С 1896 года его стала точить тяжелая болезнь, и литературная его деятельность ослабела. Последнее время он читал лекций о Франсуа Виллоне в Школе высших наук и должен был получить кафедру в Сорбонне для тех же лекций. По возвращении из путешествия, к которому его принуждала болезнь, он скончался. Последней мечтою его была кафедра сравнительной литературы в Сорбонне.

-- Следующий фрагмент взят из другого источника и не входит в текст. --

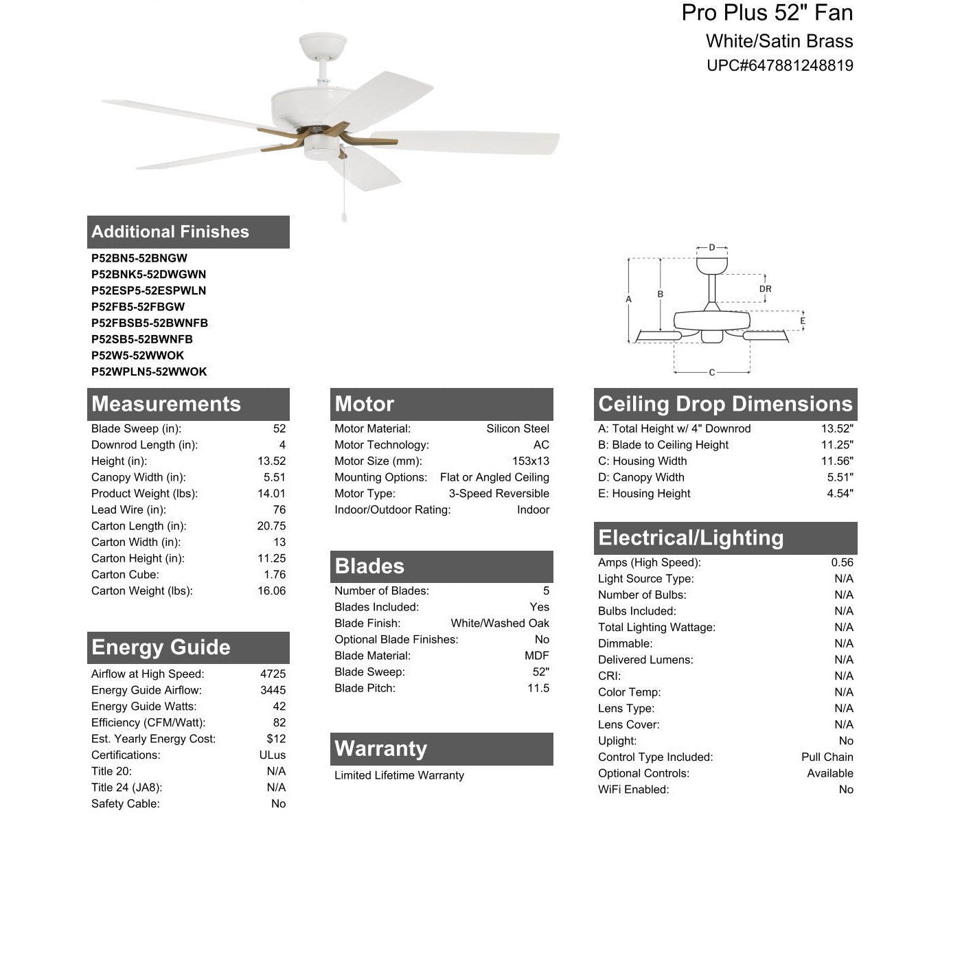 The ideal combination of excellent performance, exceptional value and timeless style, the Craftmade Pro Plus 52" ceiling fan featuring a clean motor, updated straight blade arms and canopy is built for performance. The dual mount, 3-speed, reversible fan includes custom 52" reversible blades. Optional light kits and remote controls are available(Sold Separately).
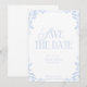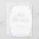 White and blue coastal vibe/ beach wedding vibe save the date. Simple and elegant. Customizable
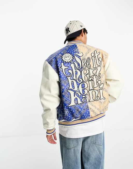Karl Kani – Blå och beige, paisleymönstrad collegejacka med tvådelad design i retrostil

Это был в совершенстве тип «homme des lettres», обладавший неизмеримой эрудицией, носивший в своей голове гигантскую библиотеку почти всех времен и народов. Наружно простой и внутренне сложный, с необычайно утонченным вкусом и нежной, мечтательно-поэтической душой, проницательной, иронической мыслью, он был далек от современной шумной уличной жизни, наружно сложной и в глубине такой простой и пустой. Если б, следуя его принципу мы захотели найти «единое», отличающее его от других подобных типов, нам кажется — это была бы его живая, трепетная душа, которая не только не потерялась среди тысячелетней бумажной груды и архивной пыли, а, напротив, сама оживляла, одухотворяла мертвый пергамент и музейные витрины.


Швоба мало знает широкая публика Франции, почти столько же, сколько в России. Наше газетное и автомобильное время не любит таких писателей, как Швоб, грезящих о прошлых жизнях, беседах с символическими девушками о жизни, о смерти, о счастье, о страсти и других «вечных вопросах» (вечное устарело), ищущих в жизни странное, индивидуальное и различное; особенно французы не любят загадок и сложностей; слишком далека от конкретной жизни, из слишком тонких нитей соткана поэзия Швоба, и нужна известная эстетическая культура, чтобы ее читать.

Он, Швоб, тоже не любит наше время — «дождливое, темное, тоскливое». В своем творчестве он прожил все эпохи, от каменного века до Великой Революции, с любовью изображая их. Современности же он посвятил только «Курс журнализма», где с едким сарказмом высмеял пустозвонность, энциклопедическое невежество и цветистую вульгарность стиля газетных и журнальных «писателей».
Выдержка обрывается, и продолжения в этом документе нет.